To analysis variation in the evolutionary rates of chloroplast genes, the the Ka_Ks Calculator program Caculator 2.0 was used to calculate the nonsynonymous substitution rates (Ka), synonymous rates (Ks), and their ratios (Ka/Ks). Before calculating, the shared unique protein coding gene sequences (PCGs) was aligned in MEGA [56] (version 10.1.6) by mode of MUSCLE (codons). The gene data matrix was then saved as Clustal (.aln) or Phylip (.phy) format.
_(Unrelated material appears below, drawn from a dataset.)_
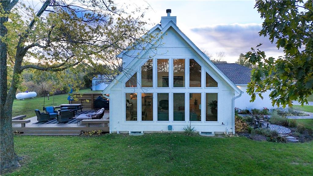 Luxury Countryside Retreat with Modern Elegance on 10m/l Beautiful Acres with a 2+m/l acre well maintained and manicured pond to enjoy timeless serenity and make many family memories Experience refined living in this beautifully fully renovated 1.5-story ranch, where modern luxury meets peaceful country charm. Flooded with natural sunlight through stunning large A-frame windows encompassing the morning sunrise views, and relax in it's open-concept living area framing breathtaking views of the serene landscape beyond. The gourmet kitchen is a chef’s dream, featuring a gas stove, premium finishes, and seamless flow for entertaining. A separate dining room area host plenty of space for family and friends. The primary suite offers a private escape with a spa-inspired bath, including a large walk-in shower and expansive closet space. Two more bedrooms on the second floor with their own private bathroom, living "den" space and office area. The finished basement provides a full secondary living area—complete with a large bedroom, full bath, and lounge space—perfect for guests or multi-generational living. Lots of Storage area for all your needs. Step outside and embrace the tranquility of your own private retreat. Enjoy peaceful mornings by the large serenity pond, and evenings around the fire pit, or unwind on the Trek decking patio surrounded by mature trees offering natural privacy. The property also features a **barn ideal for horses as well as a separate shop/garage for the hobbyist. And complete with the "taj mahal" Chicken coup for your feathered friends. Definitely a private and peaceful retreat to enjoy.

Simple sequence repeats and repeat structure analysis

The Perl script MISA [57] was used to identify microsatellites (mono-, di-, tri-, tetra-, penta-, hexanucleotide repeats), with the following parameters (unit size, min repeats): 10 for mononucleotide, 5 for dinucleotide, 4 for trinucleotide, and 3 for tetra-, penta-, and hexanucleotide. The online REPuter program was used to detect four types of long repeat sequences (forward, reverse, palindromic and complement) in Rubus plastomes with a hamming distance of 3 and a minimum repeat size of 30 bp [58].

Phylogenetic analyses

The newly assembled cp genome of Rubus and relative taxa were downloaded from NCBI and then aligned with MAFFT for phylogenetic analysis [53]. Finally, fifty-eight plastomes were used to construct the phylogeny tree (Table S3). RAxML (Version 8 for Windows) was used to run maximum likelihood (ML) analysis [59] with a bootstrap value of 1000. The general time-reversible (GTR) model with a gamma model was used at normal settings to determine the rate of heterogeneity. The Bayesian inference (BI) tree was generated in MrBayes version 3.2 [60] as implemented on the Cyberinfrastructure for Phylogenetic Research (CIPRES) Science Gateway (http://www.phylo.org/, [61]) using the default settings. The best model was determined for each sequence partition, after comparisons among 24 models of nucleotide substitution using jModeltest v.2.1.10 [62]. Figtree v1.4 [63] was used to visualize and adjust the ML trees. The graph generated from Figtree was further revised with Adobe Illustrator (Adobe Systems, Mountain View, CA, USA).

Conclusions

The complete chloroplast sequences of Rubus tephrodes, R. coreanus, and R. trianthus, R. lambertianus, R. hirsutus, R. parvifolius, R. hunanensis and R. innominatus of the section Lampobatus, and Idaeobatus were reported in this study. The comparison analysis of fouty-six Rubus plastomes indicated that the structure was relatively conserved. However, the SSC-IR and LSC-IR edges were variable among the chloroplast genomes and the IR region was less varied than the SC region. We identified the location of the SSR sites and highly changeable regions, which may be used as markers in future studies of the Rubus species. The ML and BI phylogenetic tree constructed from whole chloroplast sequences illustrated the phylogenetic relationship and was consistent with the results of previous studies. Our results indicate that the whole plastome may be used as a reliable marker in phylogenetic studies of this genus.